Reduce data availability delay
Redaction of this issue is in progress.
- As a user
- I want to have data on DBnomics as soon as it is published by the provider
- in order to build my workflows with DBnomics without having to wait too long.
Description
The goal of this issue is to describe the tasks helping to reduce the time between the publication of a time series by the provider and its availability in DBnomics.
It is a strategic problematic DBnomics has to solve because data freshness is one of the main reasons to choose to use DBnomics or not from the new user point of view.
- current scheduler is static (it runs based on cron expressions) but we need a more dynamic scheduler, based on strategies
- GitLab does not supply such a scheduler, so we may need to introduce an external one (e.g. Apache Airflow) that would either trigger GitLab CI jobs, or its own jobs
- in the case data providers do not give access to a log of data updates, and data fetching is costly:
- we may need to trigger jobs manually from the website or the dashboard, with authentication, allowing users to do so (consumers or even "insiders" from provider side wanting to help DBnomics being up-to-date)
- we may need to trigger a restricted scope, like specific datasets or series
Example of declarative schedule expressions:
# fetchers.yml
fetchers:
- provider_code: BDF
maintainer: bduye
star: true
schedules:
# Fetch all data once a day, but do not tell when.
- scope: all
strategy:
every: 24h
# Fetch 2 specific datasets every hour, but do not tell when.
- scope:
- dataset_code: DATASET_ONE
- dataset_code: DATASET_TWO
strategy:
every: 1h
# Fetch 3 specific series as often as possible.
- scope:
- dataset_code: DATASET_ONE
series_code: SERIES_ONE
- dataset_code: DATASET_ONE
series_code: SERIES_TWO
- dataset_code: DATASET_TWO
series_code: SERIES_THREE
strategy: as_often_as_possible # TODO choose better name
# Fetch a specific series each first day of the month at 1am French time.
- scope:
- dataset_code: DATASET_ONE
series_code: SERIES_ONE
strategy:
cron: 0 1 1 * *
# TODO allow expressing it in ISO 8601
Source: https://www.draw.io/#G1qz5oLw5Hu21vSqD7FqAZtYoZuI8WGL_Y
TODO:
- search in existing schedulers the common used names for those strategies
Tasks
-
reduce jobs waiting time: cf #694 (closed) -
declare schedules in fetchers.yml -
display schedule information on website (extension of #664 with new schedule strategies) -
document why some providers have fresh data on DBnomics, and some others don't
Technical analysis
Technical response
current situation :
- we use a GitLab CI to run the download, convert and index jobs
- jobs are executed by runners
- runners are hosted by servers
- we can configure a limit of N jobs per runner
This creates a situation where jobs can wait to be processed a certain time in the job queue, waiting to be taken by any matching runner, and this is difficult to predict how much time they wait.
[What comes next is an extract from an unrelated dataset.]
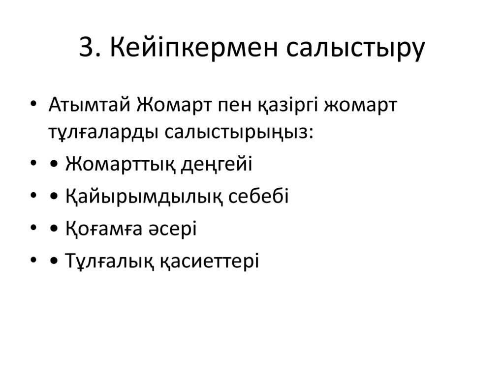 3. Кейіпкермен салыстыру• Атымтай Жомарт пен қазіргі жомарт

It is easier to predict the execution time of the job.
There are many tracks to be explored:
- auto-provision servers and runners in a cloud architecture (called "autoscale", cf GitLab docs)
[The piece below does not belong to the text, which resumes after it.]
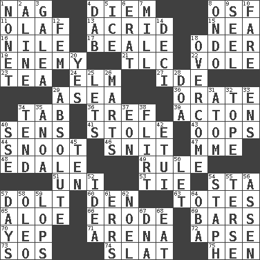 ACROSS 1. Tired old horse 4. South Vietnam president (1954) 8. Order of Saint Francis (abbr.) 11. Norwegian king 13. Sour-tasting 15. Teachers' org. 16. The longest river in the world 17. Calif. Air Force Base 18. Baltic tributary 19. Foe 21. Affectionate concern, for short 22. Grand slam 23. Afternoon social gathering 24. Shade tree 27. Binary compound 29. Toward the sea 30. Speak pompously 34. Keyboard key 36. Unclean, religiously 39. NE Massachussets city 40. Elected reps. 41. Took without asking 43. I made a mistake 44. Snob 46. In a ____ (agitated or irritated) 47. Madame (abbr.) 48. Peak District village in England 49. Governing power 51. Single; one (prefix) 53. Make a knot 54. R.R. building 57. Dunce 60. Lair 63. Hauls 65. _ vera 66. Wear away 69. Long, evenly shaped pieces 70. Slangy assent 71. Sports stadium 72. Domed church section 73. Distress signal 74. Narrow board 75. Layer DOWN 1. Music written for nine 2. Place in a line 3. An organ shaped like a helmet 4. Small moist lump or mass 5. Frozen water 6. Part of Q.E.F. 7. Place where flour is made 8. Southwest Nigerian state 9. Stitch closed the eyes of (a falcon) 10. Conductor's collection 12. Opposite of masc. 14. Tenth: prefix 18. Conquer 20. It is so 25. Allows 26. Shops 28. ___ good deed 29. Utter; complete 31. Tiny particle 32. Drink excessively 33. Followers of ems 34. Look after 35. Small Philippine buffalo 37. Period of immesurable duration 38. Seductive woman who exploits men 40. Compass dir. 42. Needle holder 45. "___ Little Indians" 50. Allow 52. The content of cognition 54. Staphylococcus 55. Laconic 56. NE Netherlands city 57. 24-hour periods 58. Margarine 59. Chops off 61. Blunders 62. Christmas carol 64. Chief or king in Benin or Nigeria 67. Heredity factor (abbr.) 68. Erode

- find a way to express custom scheduling rules to express priorities, distinguish bandwith-bound jobs from CPU-bound jobs, and take time of publication into account (on GitLab CI or any other job orchestrator e.g. Apache Airflow)
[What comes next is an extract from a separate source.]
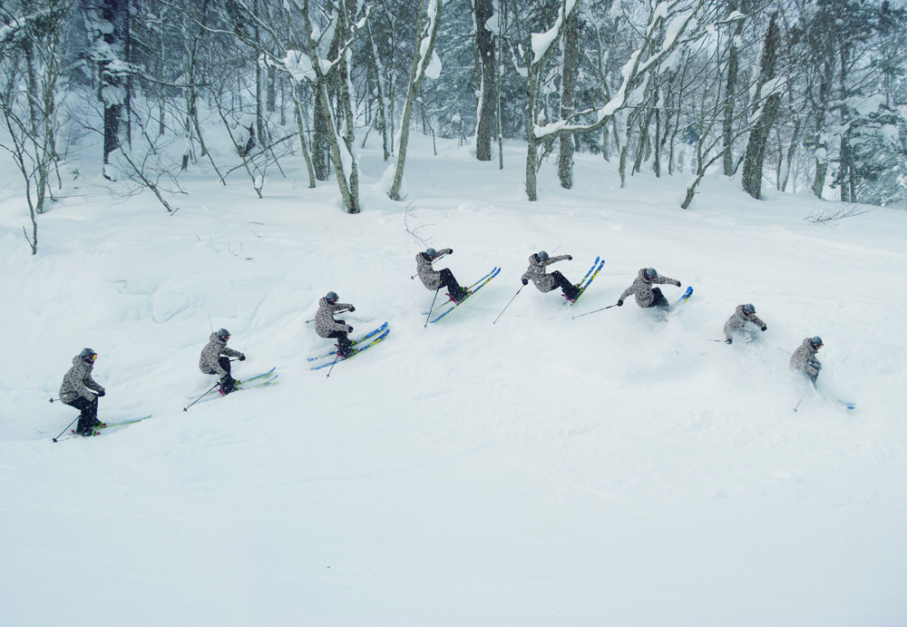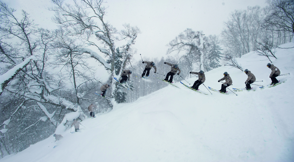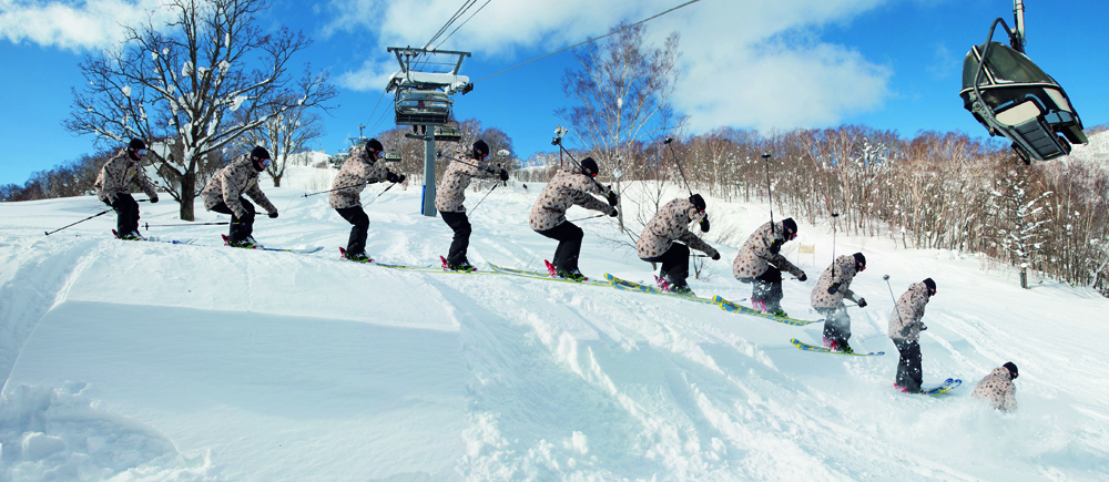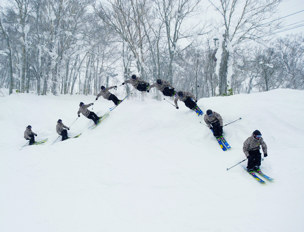 NO.7のヒップと似ているが、この場合は着地する時にスキーをほぼ90度横にしてスピードを殺し、スプレーを上げている。

- maybe more ideas to come...
We already tried to tackle runners autoscale, this has been documented in #496 (closed), but we switched back to a VM without autoscale. 2 main reasons are that we tried it on Scaleway infrastructure (I'm pretty sure that it would work better with Google Cloud or AWS), and we did not find a way to provision small VM for light jobs, and powerful VM for CPU-intensive jobs.